Alternatively, the unified to the level of tide height step of converting D_w to D_rw at the epoch of satellite flight is calculated as D_rw by adding D_tg to D_w.

2.2. Rigorous Tidal Corrected Bathymetric Model

A rigorous tidal corrected bathymetric model (abbreviation “our model”) considering tide fluctuate is proposed as:

$$D_w=-(D_{rw}-D_{tg})=-(m_1\frac{\ln (n{R}_w({\lambda }_i))}{\ln (n{R}_w({\lambda }_j))}-m_0-D_{tg})$$

(1)

where the symbols of D_w, D_rw are the same as above, λ_i is the radiance over the water surface radiance of the satellite image i-band, λ_j is the radiance over the water surface radiance of the satellite image j-band, m₁ is a tunable constant to scale the ratio to water depth, n is the fixed constant of all areas, and m₀ is the offset of the D_w meter water depth relative to 0 m, n is chosen to assure the logarithm will be positive under any condition and the ratio will produce a linear response with depth, R_w is the reflectance of water.

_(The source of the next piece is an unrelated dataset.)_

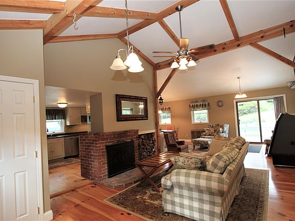 Historic home with breathtaking panoramic views of the Green mountains. This 3 bed/2 bath home has old world charm, beautiful exterior stone work with modern updates, including a custom kitchen with granite countertops, large master bedroom with walk-in closets and private balcony, and open concept floor plan with vaulted wood beam ceilings. Entertain guests on the large deck or patio and enjoy the views and smores around the firepit.

D_rw at the epoch of satellite flight is calculated by

$$D_{rw}=-(D_w+D_{tg})$$

(2)

where (−) means the water depth relative to the sea surface, so, D_tg can be calculated by

$$D_{tg}=D_t-D_{bg}$$

(3)

D_t is tidal height at the epoch of satellite flight and can be calculated by a cubic spline interpolation method, i.e., [43].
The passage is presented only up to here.